A couple of years ago I was gathering quotes for the catalogue for the "Fashion House - Marga Weimans", exhibition at the Groninger Museum and, among the people to be interviewed for the project, there was also Roger Gerards, Creative Director at Vlisco.
The Dutch wax company dates back to 1846 when Dutch entrepreneur Pieter Fentener van Vlissingen established a textile company named P.F. van Vlissingen & Co in the city of Helmond.
The company sold batik - made on the Indonesian Island of Java - in Europe and, later, on the West African coast. Batik textiles were made applying hot melted wax to the cloth and then dipping it in dye. Women in West Africa soon adopted the fabrics and, from the '30s on Vlisco's textiles acquired a more marked African style with bolder colours.
When Gerards was asked how a fabric associated throughout history with colonialism can help a contemporary designer or an artist to comment upon modern globalisation, capitalism and identity, he stated "The relationship between the Netherlands and Dutch Indies led Vlisco to produce fabrics designed in the Netherlands using batik techniques. In the ensuing years, the products ended up in West Africa. The fact that they became very popular there in the 1960s and 1970s and were embraced as 'our product', presents a different view of the colonial perspective that all Europe's products were forced onto others. A dialogue was initiated from the outset, through which the ever-changing design - from batik natural images to brightly coloured fabrics - has become not only a fashion product but a cultural product as well and the design was embraced, cherished and appropriated."
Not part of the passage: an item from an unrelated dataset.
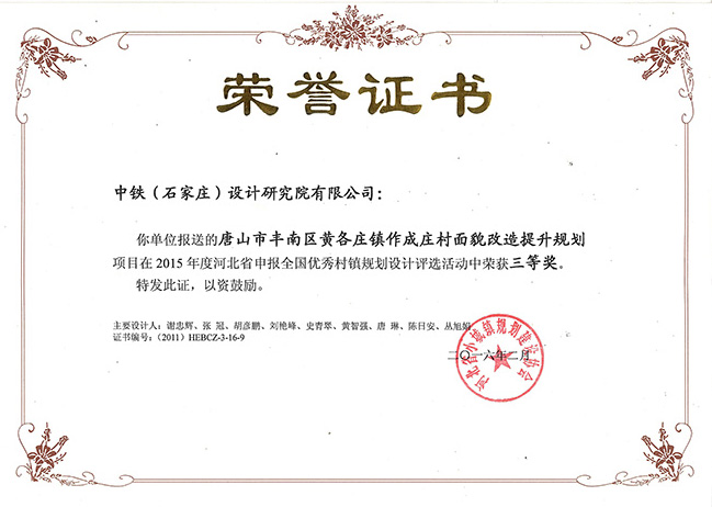 該項(xiàng)目于2015年12月榮獲由河北小城鎮(zhèn)規(guī)劃建設(shè)協(xié)會(huì)頒發(fā)的規(guī)劃三等獎(jiǎng)。

Gerards went on to explain that the post-colonial period has been entering a new phase in the last few years with Africa taking its place in the world offering what is undeniably its own identity. "The term 'Afropolitan' refers to a new perspective: the Africans of the world," he explained, continuing, "Contemporary designers and artists use the Vlisco product to endorse the fact that the old approach to Africa and the rest of the world has been replaced by a story that is remarkable, positive, proud and confident. Vlisco thus not only connects the world with Africa, but is threading old concepts with new ones."
Gerards' words recently came back to my mind since Vlisco celebrates this year its 170th anniversary: for the occasion the company released special fabrics revisiting its classic factory design and launching a celebratory patchwork design as well.
Besides, Vlisco has just released its 170th anniversary campaign video celebrating African women and Afropolitanism.
The campaign features eight inspiring women - from historical Vlisco traders and entrepreneurs Esther Aziablé, Elisabeth N'CHO, Celestina Obasi and Zainab Oriola, to Anita Erskine, a charismatic radio and TV personality from Ghana; Patricia Nzolantima, entrepreneur and philanthropist; Angelique Kidjo, world famous singer and 3-time Grammy winner, and Ejiro Amos-Tafiri, upcoming fashion designer based in Lagos. Through them Vlisco chose to honour all African women and inspire people.
The best thing about the campaign is indeed the fact that all the women come from different backgrounds and, while there are among them well-known faces, this wasn't your average celebrity-driven campaign, but a way to tell eight stories of proud and remarkable empowerment in a positive way and through colourful fabrics and textiles. Well done!